# Airport car rental in St Thomas?



## SpikeMauler (Jun 10, 2012)

Can someone tell me how many car rental companies are at St Thomas airport? Also, has anyone used Budget recently. I'm curious if there is any value in the coupon book($1,200 worth)they give you. We usually rent from someone a little off the airport, but this time I'd like to get off the plane and drive instead of waiting to get picked up and dropped off.


----------



## SpikeMauler (Jun 10, 2012)

Well, I found the coupon book online. Not much there that we would use.


----------



## Tia (Jun 10, 2012)

Costs more to rent from the airport also.


----------



## SpikeMauler (Jun 10, 2012)

Tia said:


> Costs more to rent from the airport also.



That's true. Seems to be about $100 more for the week for a 4door Jeep Wrangler. I just hate waiting to be picked up after we get our bags. The same goes for returning the car. I just wanna jump in the Jeep on location and go. More of a convenience factor I guess.


----------



## legalfee (Jun 10, 2012)

We've used Avis the last two years.
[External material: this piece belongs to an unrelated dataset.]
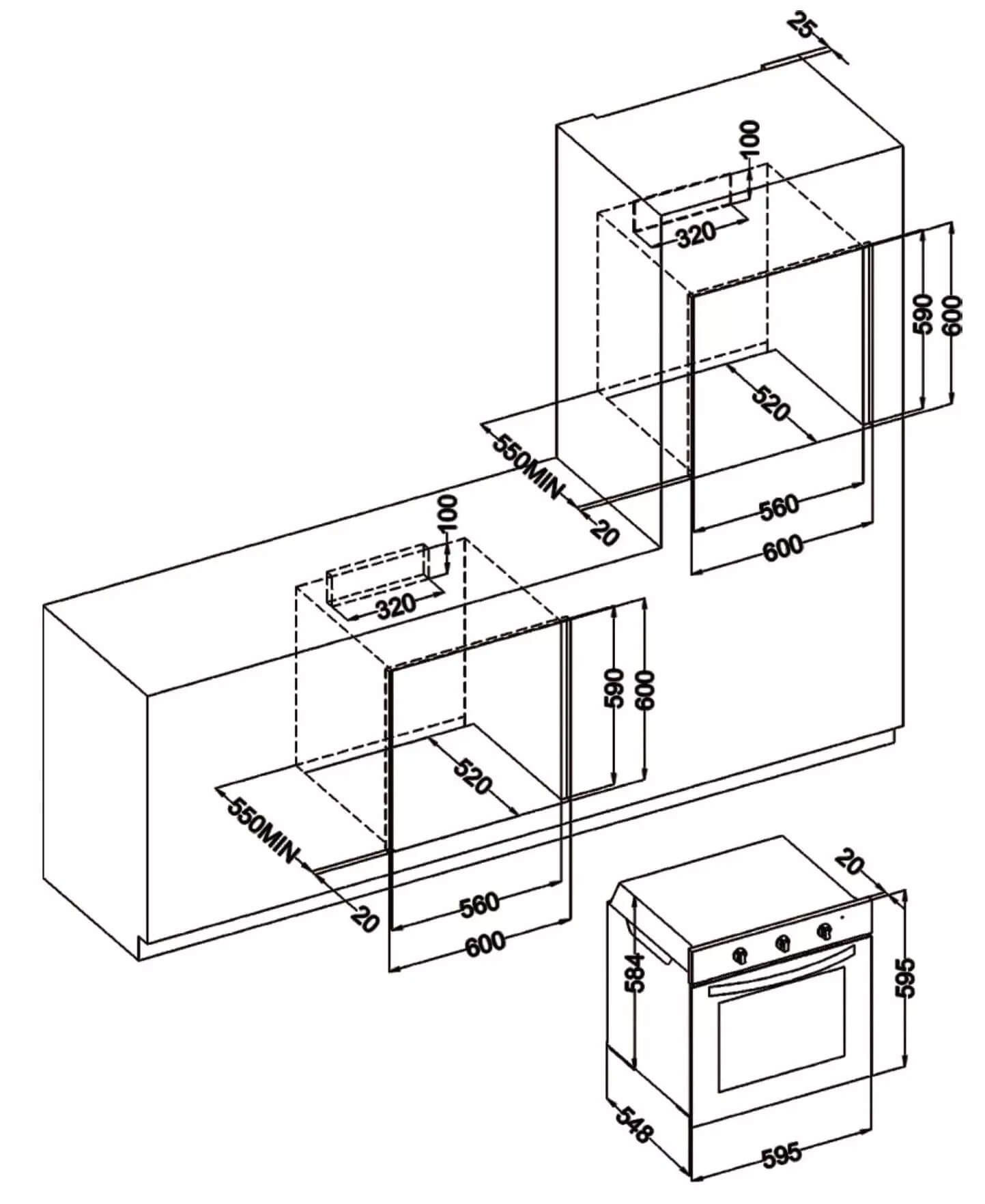 ✅ Kích thước âm tủ: 584 x 584 x 548 mm (Rộng x Cao x Sâu)

I'm with you I don't like waiting to be picked up and then driven to the airport when turning in.


----------



## DavidnRobin (Jun 13, 2012)

We use Amalie car Rental - they had car ready and waiting at STT (including all paperwork fiilled out and ready to sign), and they were there for drop-off.  They cost  abit more, but their cars are brand new - and very attentive w/o the island attitude.


----------



## JMSH (Jun 14, 2012)

It may cost a little more but when you account for a taxi ride to and from your hotel it would probably be the same as if you just rented the car from the airport to begin with.


----------



## DKT (Jul 2, 2012)

We always use Avis, so far no problems.  We also like to be able to just walk out the door and pick up our car, and it makes drop off really easy.

Denise


----------